Sunday 31 August 2008

On writing and other things, again


17/07/08


Cloudy and rainy again. On the verge of breaking the 160,000 word mark. I’ve added the sledge travelling part and went along with those characters of mine through blizzards and endless sheets of whitness where horizon and land merge into one infinity. I saw those huskey dogs run wild, dragging the sledge behind and I felt every bump on the way. Whether I actually managed to convey the experience in words is another matter, as always. My last big journey will be trekking through the dense tropical forest that leads to the Shores. It will only be a short trip but I’m looking forward to letting my mind travel in the far-flung regions of perfection. I cheated time and gravity all at once. Whilst my body is bound to this reality, being stuck- a prisoner- between grey walls, relentless noise and ugly landscapes that make up a city I can no longer stand, I have at the same time travelled so far away that it blows my own mind. It is as though I have really been to those unreachable realms of beauty and sheer wilderness. I went, saw, felt and remembered like a true explorer. What I do not know is whether I was able to translate everything I saw, felt, heard and experienced into something I could share. Yet I know now that what I have written is my most precious possession. It is my own escape, a world I created along the way that is entirely mine even though it now stands on its feet and has its own ‘spirit’. I may have thrown in the foundations but the rest that ensued was of its own accord. The world shaped itself into what it ought to be, not according to what I wished it to morphe into, in a way. Or perhaps the grey walls and relentless noise around me, the gloom and crying skies, were the very element that helped me build a world so far removed from my reality. I longued for sunny horizons and green landscapes, glimpses of purity boyond the ruthless materiality that is everywhere my eyes look.

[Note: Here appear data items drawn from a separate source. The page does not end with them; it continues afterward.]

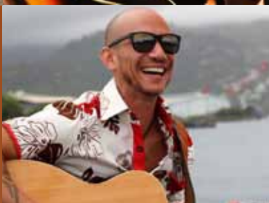
N°5 - Veroarij Son titre : «Tahiti to'u 'e 'a»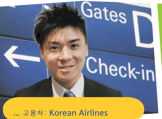
... 고용처: Korean Airlines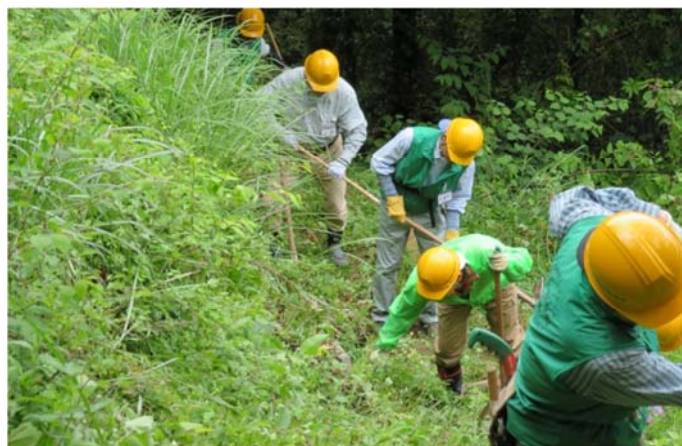
中国自然歩道 整備中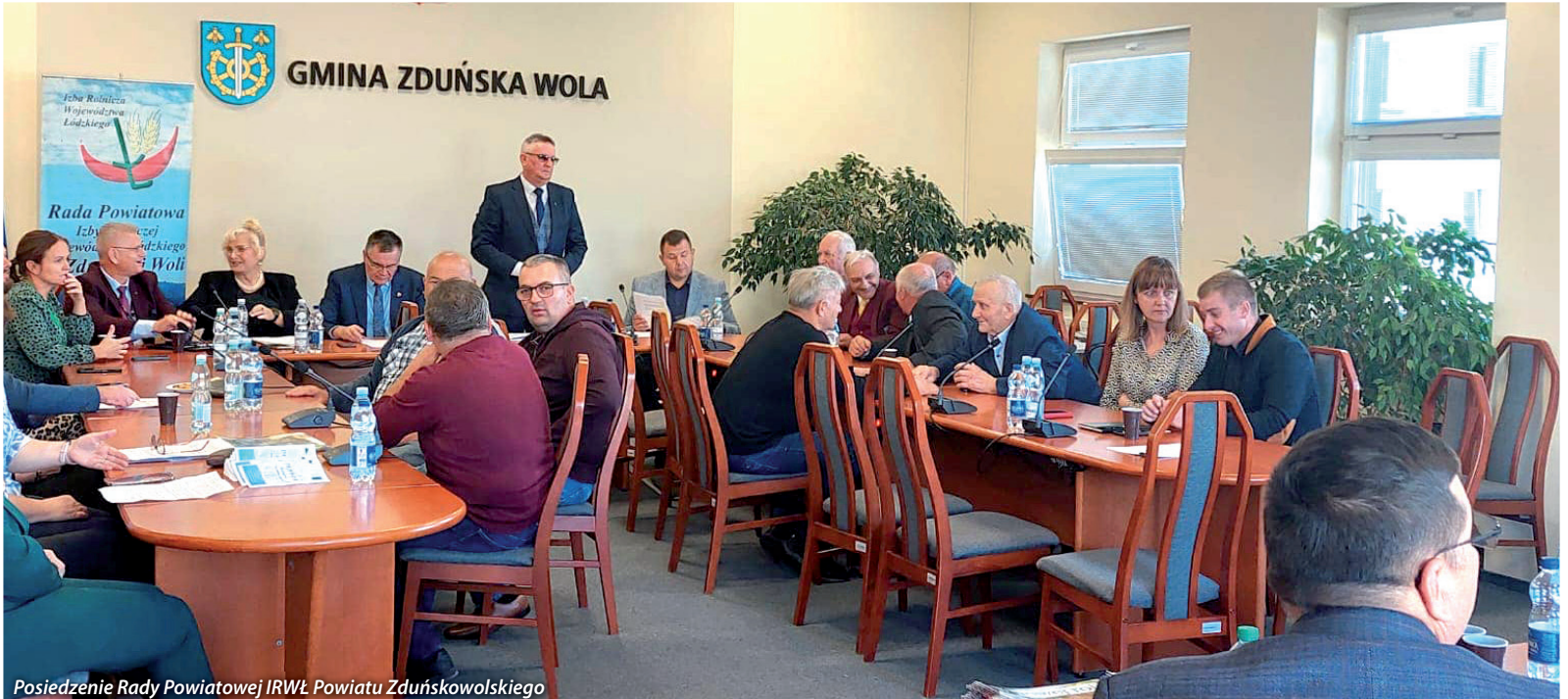
Posiedzenie Rady Powiatowej IRWŁ Powiatu Zduńskowolskiego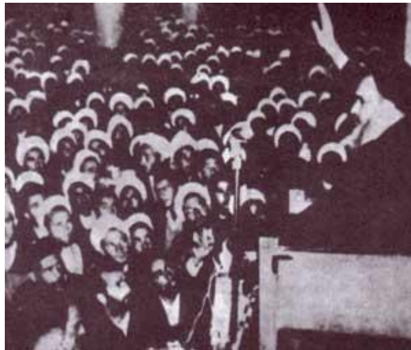
سخنرانی امام خمینی در میان مردم قم در مدرسه ی فیضیه عاشورای ۱۳۴۲

روز عاشورا مردم تهران به طرف دانشگاه حرکت کردند و تا مقابل کاخ مرمر پیش رفتند و شعار مرگ بر دیکتاتور دادند و در شهر قم، مردم شهرهای مختلف برای زیارت و شنیدن سخنان امام خمینی در مدرسه فیضیه و صحن های حضرت معصومه (س) اجتماع کردند و با وجود مخالفت های رژیم امام خمینی با قاطعیت تمام از میان انبوه جمعیت عبور کردند و در یک سخنرانی تاریخی علیه اقدامات شاه و وابستگی آن به بیگانگان سخن گفتند.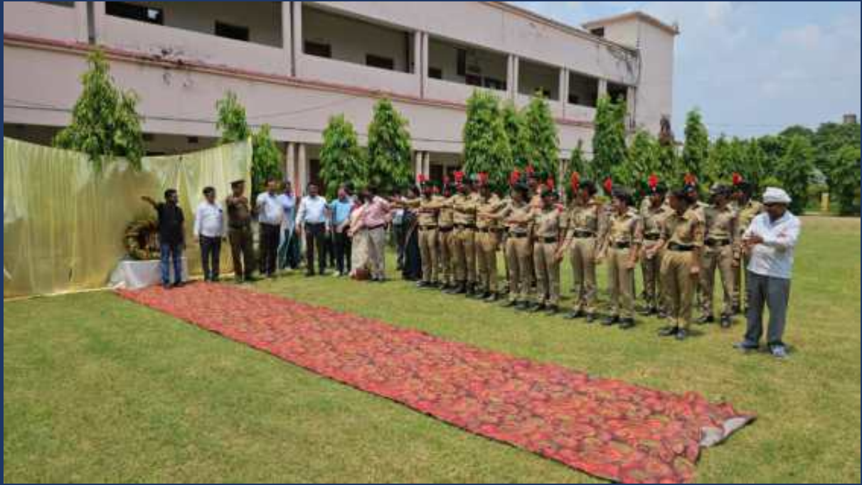
महाविद्यालय के रोवर्स रेंजर्स द्वारा महाविद्यालय में दिनांक 15 अगस्त 2023 को राष्ट्रीय पर्व स्वतंत्रता दिवस कार्यक्रम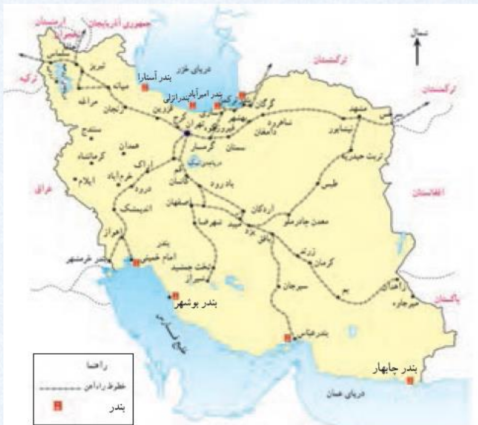
نقشه ی شبکه ی حمل و نقل راه آهن و بنادر تجاری ایران

به نقشه ی راه آهن سراسری ایران نگاه کنید. راه آهن ایران علاوه بر حمل مسافران، کار جابه جایی کالاها را هم انجام می دهد. حمل بارهای سنگین با قطار باربری، ارزا نتر تمام می شود. به علاوه، قطار در مقایسه با کامیون مقدار بیشتری کالا را حمل و جابه جا می کند.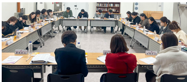
▲동대문구청에서 매일 2회 진행되는 통합지원회의.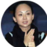
中国残联艺术团团长邵丽华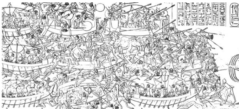
Námořní bitva s Mořskými národy v Medínit Habu

Třebaže o původu ani motivech nájezdníků nevíme nic, víme, jak vypadali – jejich jména a tváře vidíme vytesané do stěn zádušního chrámu Ramesse III. v Medínit Habu. Je to místo plné obrazů a impozantních hieroglyfických textů. Na vyobrazeních jasně vidíme výzbroj, zbraně, oděvy a lodě nájezdníků, jejich volské potahy naložené majetkem. Obrazy jsou tak podrobné, že vědci publikovali analýzy jednotlivých národů, a dokonce i jednotlivých lodí, jež jsou na scénách zachyceny. 11 Další panoramata jsou ještě barvitější. Jedno z nich ukazuje cizince a Egyptany v chaotické námořní bitvě; někteří plavou nznak a jsou zjevně mrtví, zatímco další divoce bojují na lodích.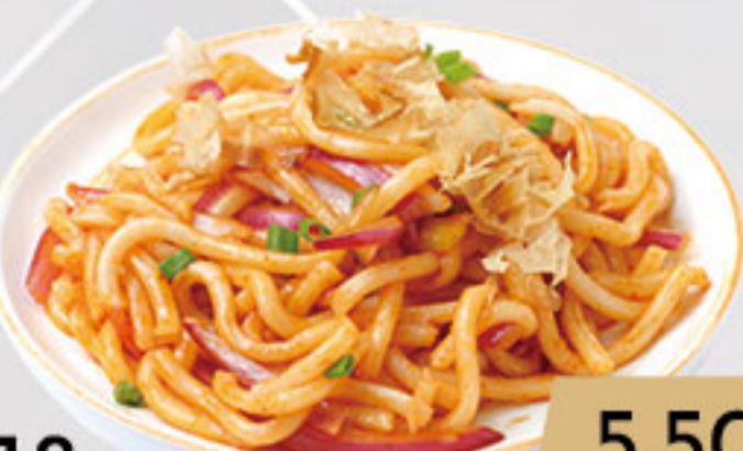
18. 5.50€ YAKI UDON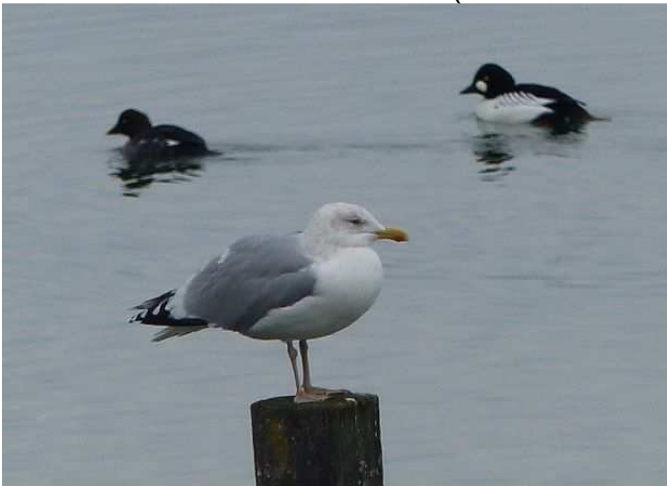
Silbermöwe (Foto: ornitho.de - Wolfgang Podszun)

24.01.2016 1 Ind. am Undosa (Tobias von Lukowicz)

So much so that in the end the perfect world was born- out of a mind that felt smothered alive and reaching out for air and freedom it can never truly obtain. I suspect I shall never win such freedom, for I know very little of what it ought to be. I only yearn for the ideal it instills in my mind. I’ll always be a prisoner of this reality and a pawn of materiality. It is inevitable. All I have is a yearning mind and itchy fingers eager to better themselves. These tools are my only defense, my only way out. Beyond that nothing much truly makes sense. Everything is veiled or concealed from its truth. Every object, every palpable thing is known without knowledge and taken for granted. Even the food we eat everyday isn’t known. It is so far removed from its original state and has gone through so many different processes that it is but a lie to think we know the finished product. 


If I picked a tomato and turned it myself into a puree I would know what ketshup is.

I look at that glass bottle and the only way I ‘know’ it is ketshup is thanks to a label telling me that it is. Social conditioning also instilled in me many templates of what certain things ought to look, feel or taste like but unless I haven’t discovered the thing myself, from its initial state to its finality then all that I know is really little more than an illusion. No wonder I feel trapped and confused in a world where everything that surrounds you is based on a tacit agreement that we ought to know things simply because a majority says what they ought to be.


 It seems especially true of food. How do I know what that beef steak really is, beyond the safe label stuck on it telling me that it is? It’s pretty much a game of trust and I should be trusting enough to take whoever’s word for it but in an age where only profit and money prevail, I find myself lost and frightened. Even if I decide not to trust what is deemed to be, even if I refuse to believe readily that the beef in front of me really is beef, everything has been so far removed from me for so long that I have no alternative but wonder forever. I have no option to go back to the source and learn- truly- what beef is, what that piece on my plate is. It seems that while we appear to live in a world of great material technology, we’ve never been so far removed from reality itself, living off understandings on what everything ought to be- living off one illusion to the next.


Anyway, I need to go to the bank pretty soon and that really pisses me off. The bank itself is a perfect allegory of illusion-based reality where the bank is a term that refers to an unknown agglomeration of people and powers. There is no real relation or exchange between the individual and the bank, only the illusion of one through numbers of people and machines. Hence the difficulties and headaches such encounters always seem to give us. In the spectrum of Reality such encounters are in fact at the lower end and could be deemed more likely to be an illusion than not. Fact.